This leads to four different concepts of dose. A potential dose is the amount of a substance ingested or inhaled (or, for example, contained in mud that comes in contact with skin). Somewhere between all and none of a potential dose may become an applied dose, which is the amount of an agent available at a body boundary. An applied dose becomes an internal dose if and when it crosses a barrier and enters the body. Finally, some fraction of the internal dose may be metabolized or otherwise eliminated (or an otherwise-benign substance may be activated by metabolic enzymes), and so the fraction that actually contacts the tissue or organ of concern is considered to be a biologically effective dose. Allometric scaling is the (well-developed) default approach to assessing the fate and transport of chemicals in the body, and physiologically based pharmacokinetic (PBPK) methods are often used to model the transfer, metabolism, and elimination of agents in the body. Clewell et al. (2002) provide a succinct explanation of allometry and PBPK modeling.
As an example of the potential complexity of exposure assessment, consider the information needed to estimate exposure to hydrocarbons in a paint manufacturing facility:
- atmospheric fate and transport modeling, to understand what concentrations are found at different locations;
- inhalation rates of workers at different locations and/or engaged in different activities;
- absorption rate through lungs, skin, and eyes;
- transport and metabolism in blood;
- transfer rates from blood to organs and tissues of concern;
- elimination rate in the body.
Regulatory agencies have developed and published extensive data sets over the last two decades that describe the range of exposures to foods, products, workplace conditions, and other potential sources of risk. Many of these are cataloged in the EPA Exposure Factors Handbook, which is updated regularly (EPA, 2006). These demonstrate substantial inter-individual variability determined by age, gender, ethnicity, and other demographic variables. Increasingly, regulatory risk calculations try to account for this variability, which can be used to identify potential ‘‘high risk’’ subpopulations.
Dose–Response Assessment
Toxicology and epidemiology are the primary information sources for estimating potency, or dose–response relationships. Each method has distinct advantages and limitations. Toxicology evaluates the effects of (usually single) agents under controlled laboratory conditions, with the goal of identifying safe dose levels or establishing dose–response relationships. Epidemiology identifies potentially causal correlations between agents and outcomes in human populations, and, if the exposure information is sufficient, can quantify the relationship between exposure and adverse effect(s).
Ideally, risk assessors use toxicology and epidemiology in concert to arrive at robust conclusions about potency. Unfortunately, information from different sources can be contradictory or inconsistent. For example, toxicologists might conclude that airborne particulate matter is only of concern if it contains trace metals or organic chemicals, while epidemiologists find evidence associating all particulate matter with increased incidence of lung disease. This section explores the applications, advantages, and disadvantages of each approach. Table 3 compares toxicology and epidemiology along a number of dimensions. In the following sections, we describe how toxicology and epidemiology are used independently to arrive at potency estimates for various chemicals.

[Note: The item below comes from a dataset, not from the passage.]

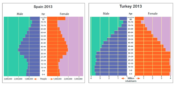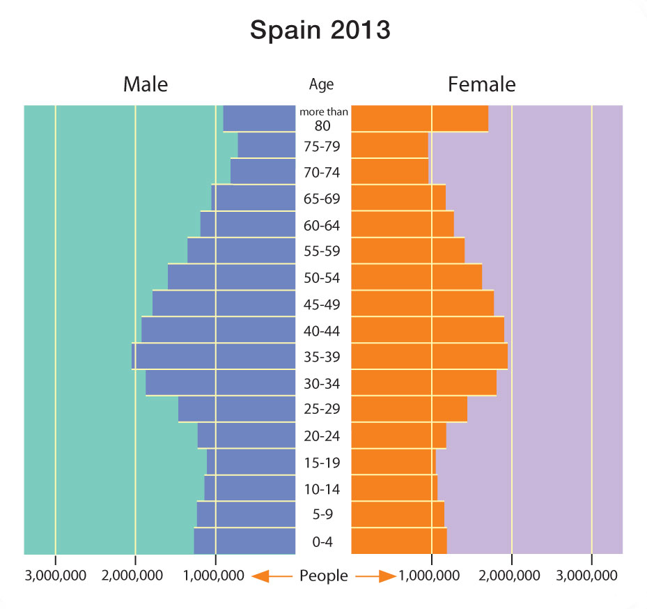 In Spain, there are more elderly people than young people. This is because the birth rate is low and people are living for longer. This is called an ageing population.
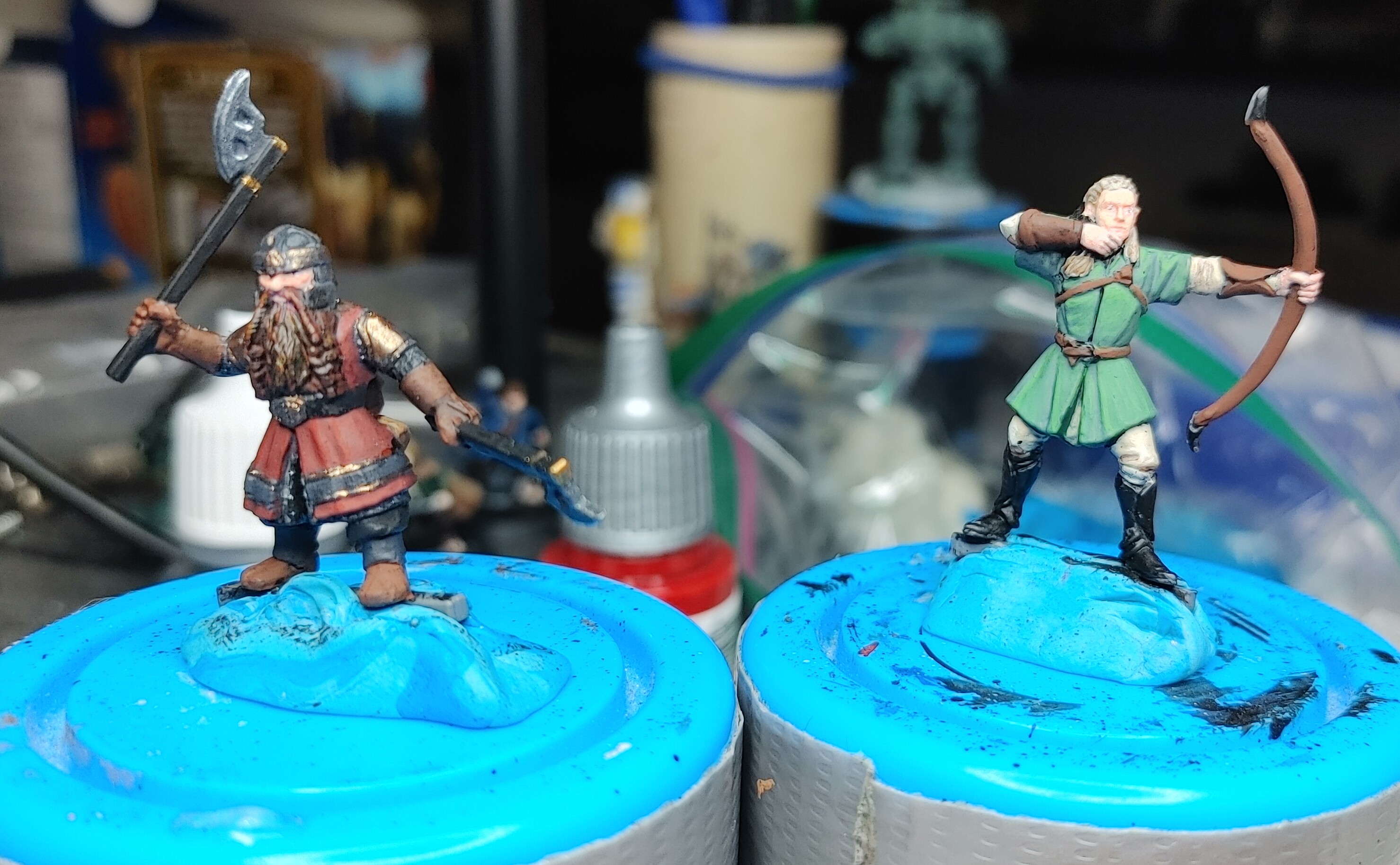Progress! I'm a little stuck now on what to do with Legolas' boots/bracers though. Also not sure if I want to keep the stripe around Gimli's lower half dark grey, or if I want to push it black like his belt.>>97366070Just a trick of the light/angle mostly

It is important to keep in mind that toxicology and epidemiology share many commonalities and limitations. For example, both historical human exposures available to epidemiologists and laboratory exposures applied by toxicologists tend to be higher than doses observed in real settings, with some exceptions in occupational settings. Even when extensive complementary data are available, the dose–response relationship often remains unclear. For example, there are multiple animal data sets at several dose levels for benzene, as well as data on historical benzene exposures in a variety of industrial settings. It is clear that benzene causes certain types of cancer in humans at high levels. Nonetheless, the risk of human health effects from benzene at concentrations recorded in regulated industries remains difficult to quantify precisely.

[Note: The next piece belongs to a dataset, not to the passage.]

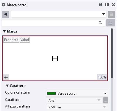 - Se sono state create marche di un solo tipo senza contenuto, il pannello proprietà si apre immediatamente indicando nell'editor visuale che il contenuto non è definito ed è possibile aggiungere il contenuto desiderato.
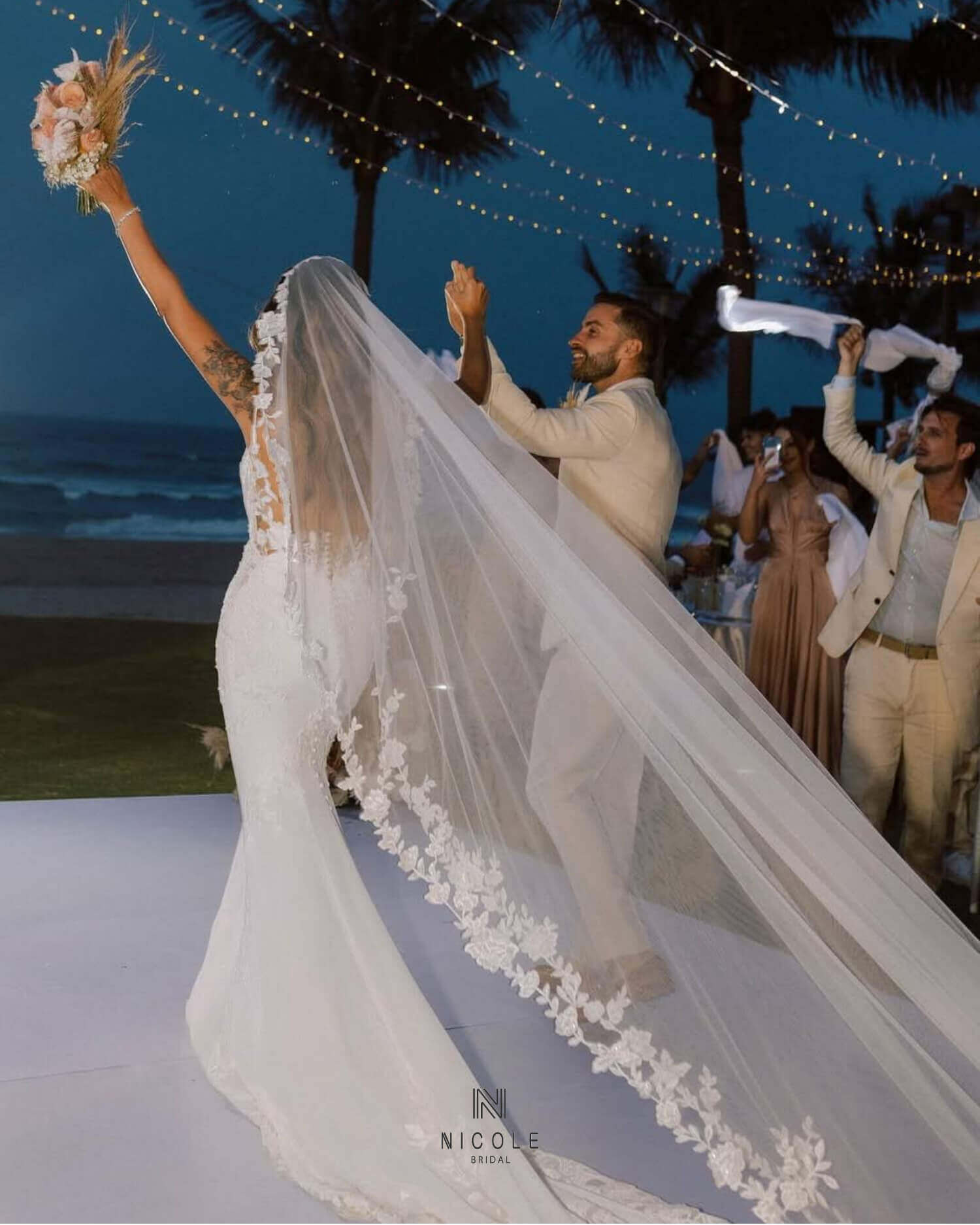 Với những buổi lễ tổ chức tại resort hoặc không gian cao rộng, cô dâu có thể chọn lúp cưới dài cathedral hoặc chapel để tạo hiệu ứng lãng mạn. Lúp dài sẽ giúp khung cảnh thêm phần tráng lệ, đặc biệt khi ánh sáng chiều buông xuống.

Toxicology For Risk Assessment
Toxicology involves intentional exposure of individuals (typically animals, rarely but occasionally humans) or parts of organisms (cells, tissue cultures) to controlled amounts or concentrations of potentially harmful agents. As such, toxicology can provide highly specific information about the effects of single agents at concentrations that are determined precisely by the investigators, as opposed to epidemiology, where generally the exposures have already occurred and must be estimated retrospectively. Animal testing allows researchers to observe effects over multiple generations as well as different stages of disease or injury.
Toxicological studies, however, have several disadvantages. Laboratory exposure levels are typically considerably higher than those experienced in the general environment, although they may in some cases not exceed concentrations actually encountered in the workplace. Therefore, estimates associated with lower-dose effects require extrapolation. Extrapolation can be highly contentious, especially over the question of thresholds. Figure 2 depicts four possible examples of extrapolation to a low dose from a hypothetical one-exposure animal study.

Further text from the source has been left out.